79. CONCRETE RAILING
• CONCRETE RAIL
MAINTENANCE:
• Concrete rail is as susceptible to cracks
and spalls from salt damage as the deck. It
is important to protect the surface and seal
cracks. The same methods of crack sealing
can be used on the rail as on the deck.
Since the rail does not receive the same
traffic wear as the deck there are more
options for protective coatings.
80. CONCRETE RAILING
• CONCRETE RAIL REPAIR :
• For small areas of damage a patch may be
adequate. If one or more sections of rail are
broken, the procedure for concrete rail repair
includes the following steps:-
• Assuming that the rail will be replaced which is a
decision that should be made by the bridge
engineer, the plans should be obtained for use in
constructing the new sections.
• Remove concrete in sections of rail to be replaced
using jackhammer and saw.
81. CONCRETE RAILING
• Straighten or position existing steel as needed for the replacement section.
• Splice and replace reinforcing steel as needed.
• Form new sections to conform to rail dimensions on plans.
• Place concrete
• Cure concrete for at least 72 hours.
• Finish surface with a rubbing stone to match existing rail and clean up the job site.
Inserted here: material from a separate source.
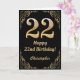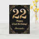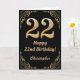 22:a födelsedag Svarta och Guld Glitter Ram Kort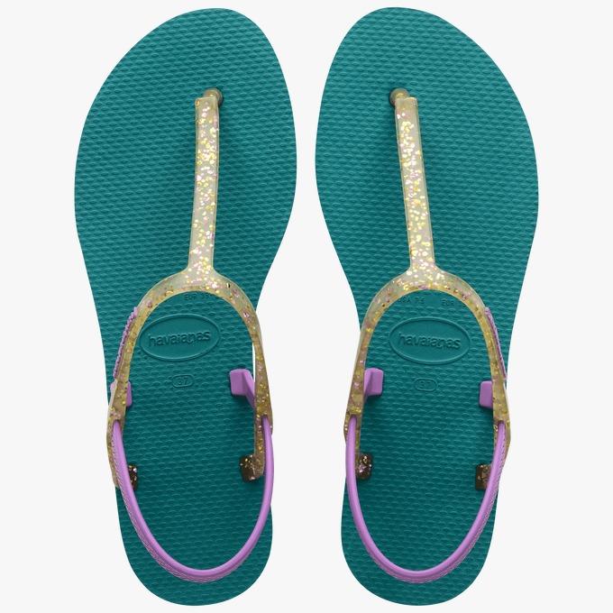 Outros itens são rasteirinhas. Quem quer fugir um pouco dos chinelos para ir em um evento de verão, mas com um sapato diferente, o indicado é a “Rasteira Havaianas You St Tropez Glow”, que é a cara das gringas, ou a “Rasteira Havaianas You Paraty Fun”, que traz muito conforto e você pode até entrar na água que não vai sair do pé.

82. STRENGTHENING OF MAJOR
STRUCTURAL ELEMENTS
• Concrete jacketing :-
• Concrete jacketing is needed to
increase bearing load capacity of the
structural design or to restore
structural design integrity due to a
failure in structural member.
• This technique is used on vertical
surfaces such as columns of bridge
and other combinations such as beam
sides, bottoms of bridge
83. STRENGTHENING OF MAJOR
STRUCTURAL ELEMENTS
• FIBER REINFORCE POLYMER:-
• A Fiber Reinforced Polymer (FRP)
typically consists of high tensile
continuous fibers oriented in a desired
direction in a specialty resin matrix.
• FRP can enhance shear, flexural,
compression capacity and ductility of the
deficient member it is quick ,neat effective
technique to repair prestressed concrete.